* _Problem statement_
All lines below starting at the one that holds "Tras el asesinato, la" and ending at the one that holds "Personenbezogene Daten auf" should be printed exactly, ends included. Pictures should not be printed, nor anything else.

* _Given entries_
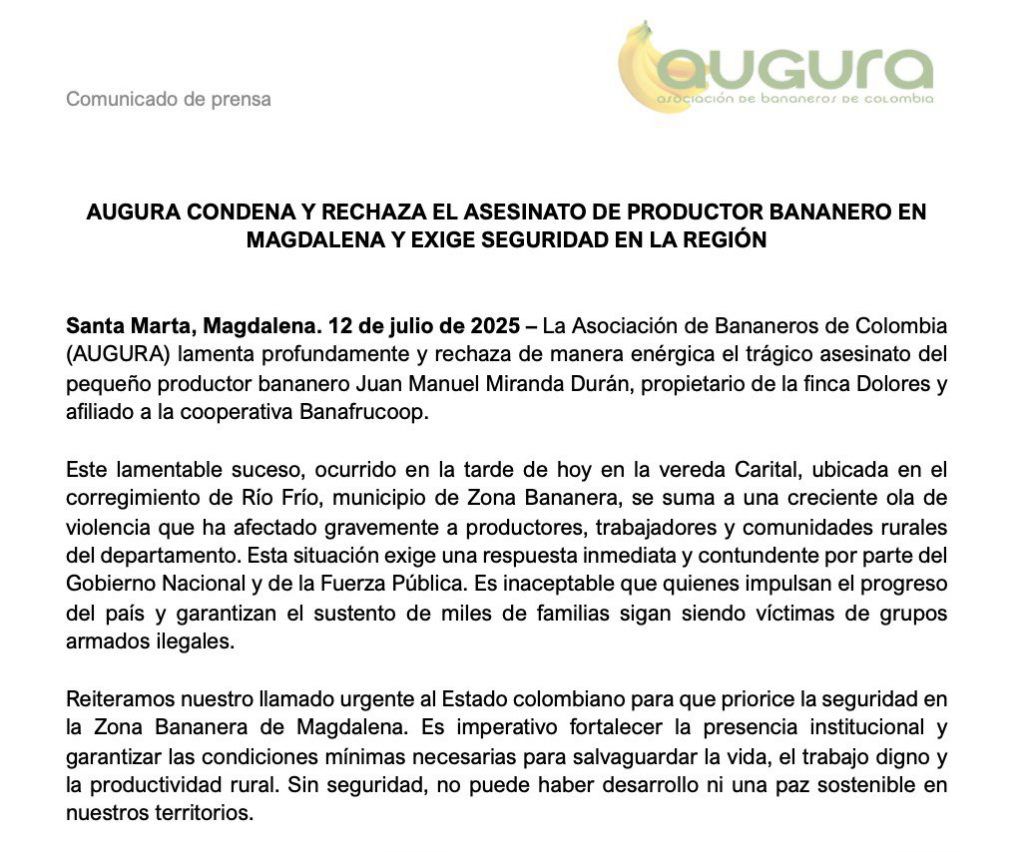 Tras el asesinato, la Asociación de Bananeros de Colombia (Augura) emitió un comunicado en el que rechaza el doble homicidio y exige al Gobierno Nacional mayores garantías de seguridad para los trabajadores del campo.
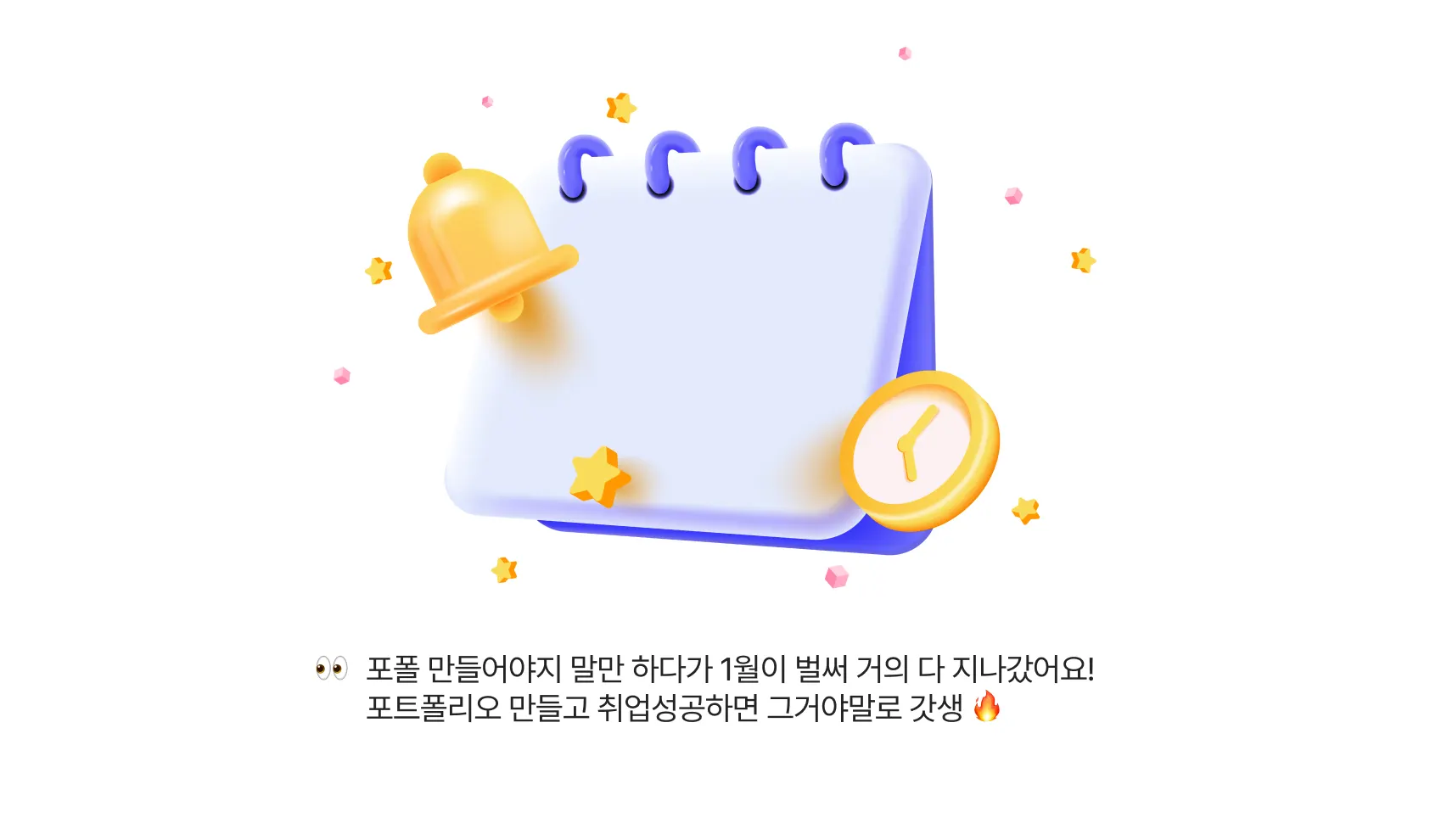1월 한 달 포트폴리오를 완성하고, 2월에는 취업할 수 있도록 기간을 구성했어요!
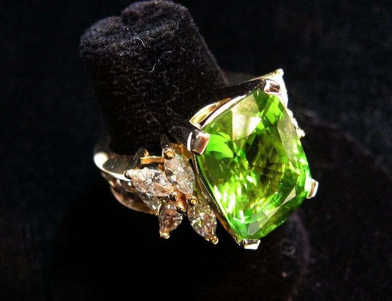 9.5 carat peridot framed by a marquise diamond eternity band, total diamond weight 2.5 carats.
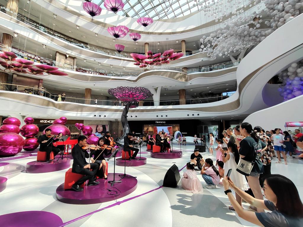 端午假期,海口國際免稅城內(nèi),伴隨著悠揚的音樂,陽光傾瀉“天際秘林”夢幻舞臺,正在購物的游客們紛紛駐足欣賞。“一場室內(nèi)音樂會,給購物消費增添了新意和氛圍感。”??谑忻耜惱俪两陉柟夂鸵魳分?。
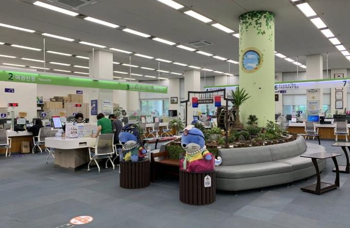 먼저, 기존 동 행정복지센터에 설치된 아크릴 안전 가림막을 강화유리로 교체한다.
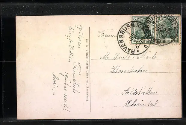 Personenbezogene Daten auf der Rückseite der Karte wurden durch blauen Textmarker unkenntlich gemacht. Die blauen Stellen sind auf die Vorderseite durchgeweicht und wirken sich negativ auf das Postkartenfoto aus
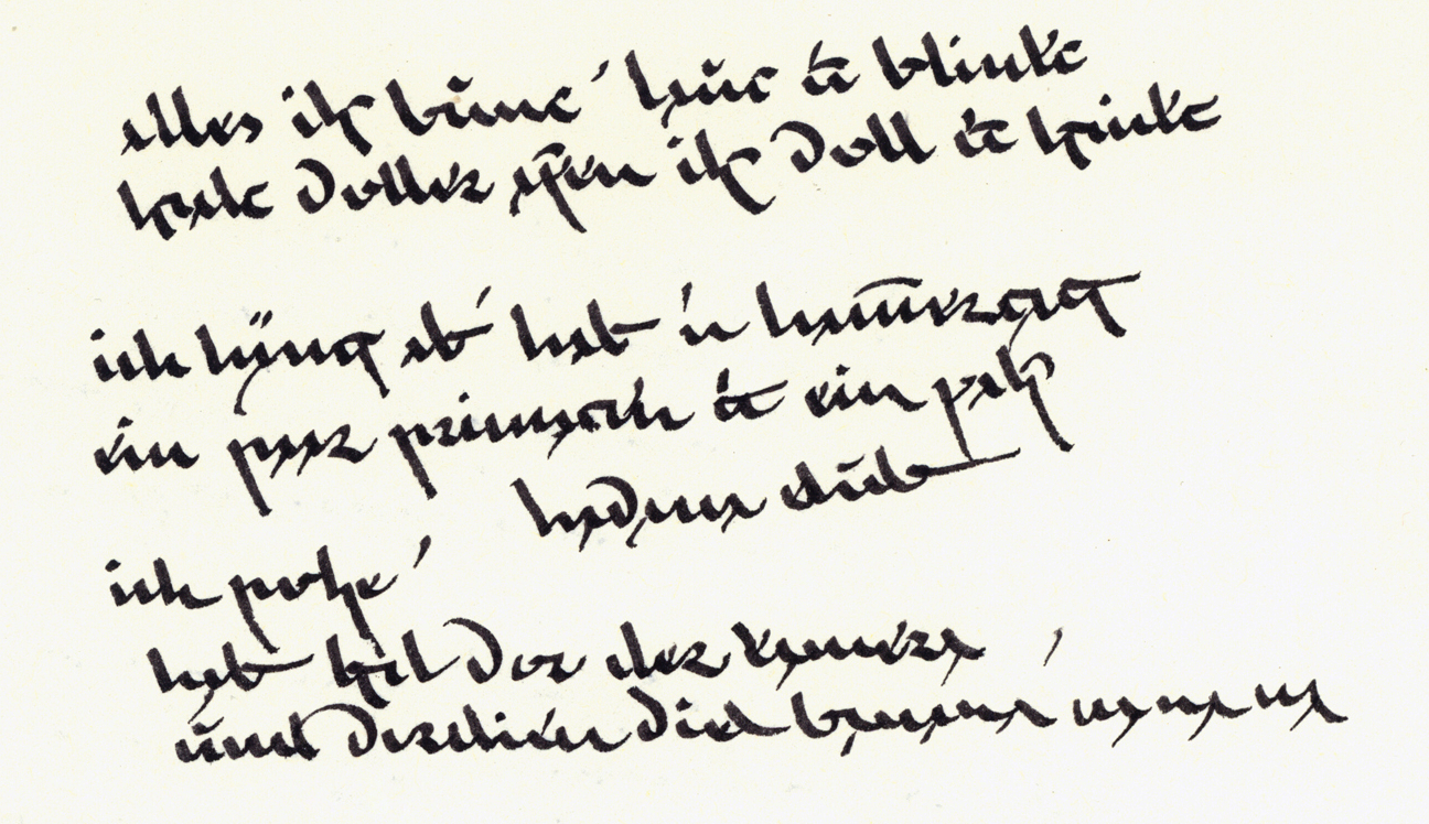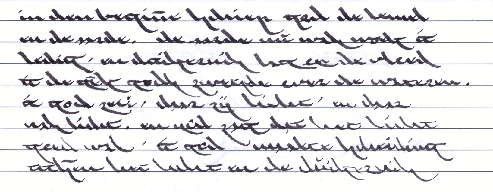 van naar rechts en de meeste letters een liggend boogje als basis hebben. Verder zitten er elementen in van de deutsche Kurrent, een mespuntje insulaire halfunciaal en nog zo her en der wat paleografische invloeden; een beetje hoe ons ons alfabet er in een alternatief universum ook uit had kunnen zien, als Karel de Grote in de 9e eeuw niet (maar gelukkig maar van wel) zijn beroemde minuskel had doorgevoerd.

...

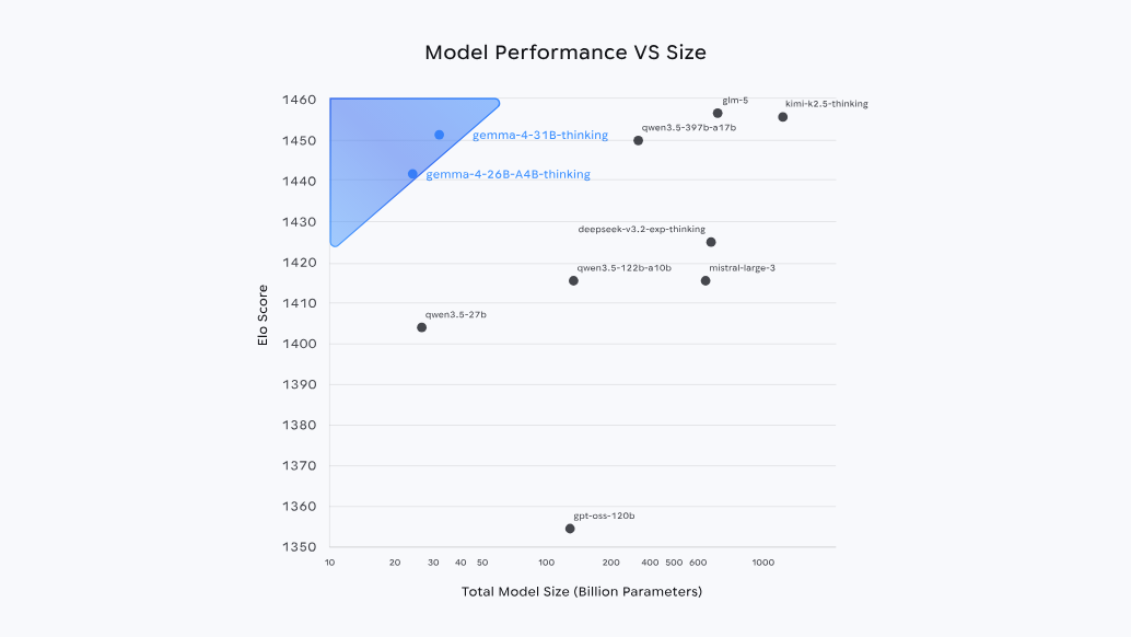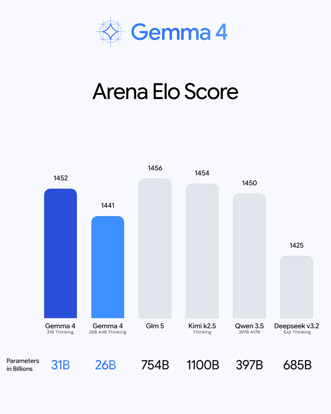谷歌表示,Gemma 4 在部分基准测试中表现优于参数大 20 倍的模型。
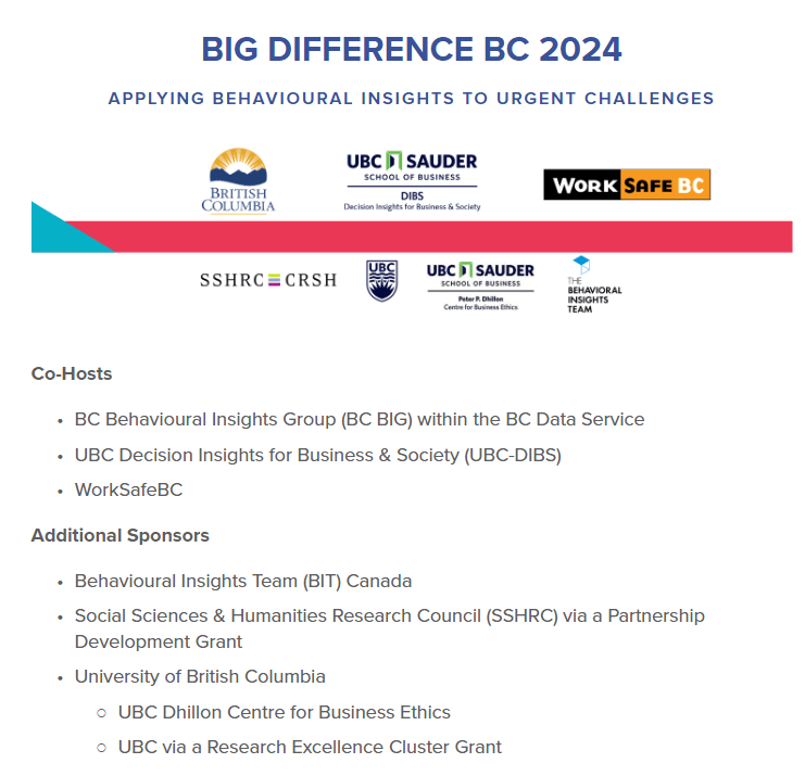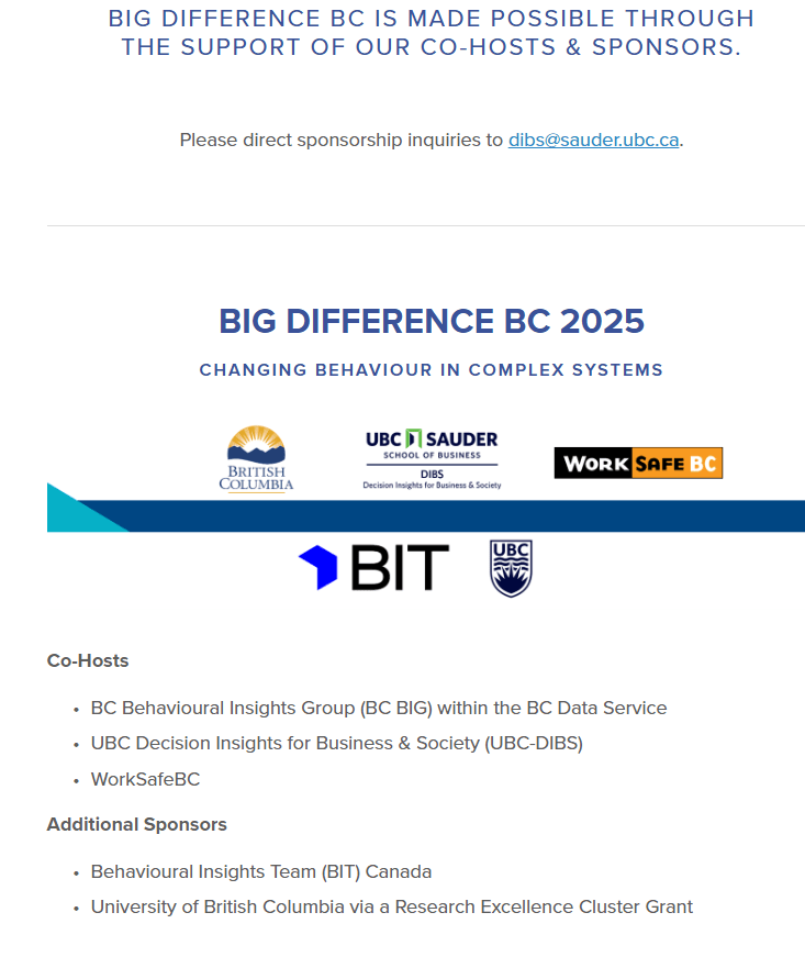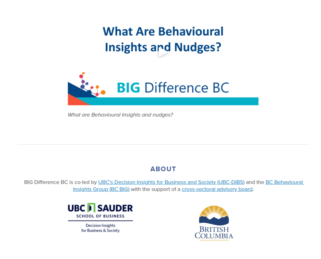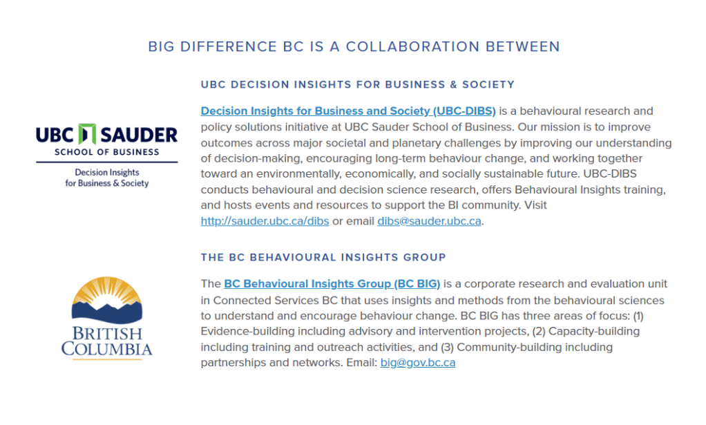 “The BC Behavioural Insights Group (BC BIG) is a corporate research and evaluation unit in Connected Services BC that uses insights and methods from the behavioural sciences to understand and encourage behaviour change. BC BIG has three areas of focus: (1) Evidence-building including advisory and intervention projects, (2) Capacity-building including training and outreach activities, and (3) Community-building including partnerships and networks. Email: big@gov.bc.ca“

* _Result of the task_
 Tras el asesinato, la Asociación de Bananeros de Colombia (Augura) emitió un comunicado en el que rechaza el doble homicidio y exige al Gobierno Nacional mayores garantías de seguridad para los trabajadores del campo.
1월 한 달 포트폴리오를 완성하고, 2월에는 취업할 수 있도록 기간을 구성했어요!
 9.5 carat peridot framed by a marquise diamond eternity band, total diamond weight 2.5 carats.
 端午假期,海口國際免稅城內(nèi),伴隨著悠揚的音樂,陽光傾瀉“天際秘林”夢幻舞臺,正在購物的游客們紛紛駐足欣賞。“一場室內(nèi)音樂會,給購物消費增添了新意和氛圍感。”??谑忻耜惱俪两陉柟夂鸵魳分?。
 먼저, 기존 동 행정복지센터에 설치된 아크릴 안전 가림막을 강화유리로 교체한다.
 Personenbezogene Daten auf der Rückseite der Karte wurden durch blauen Textmarker unkenntlich gemacht. Die blauen Stellen sind auf die Vorderseite durchgeweicht und wirken sich negativ auf das Postkartenfoto aus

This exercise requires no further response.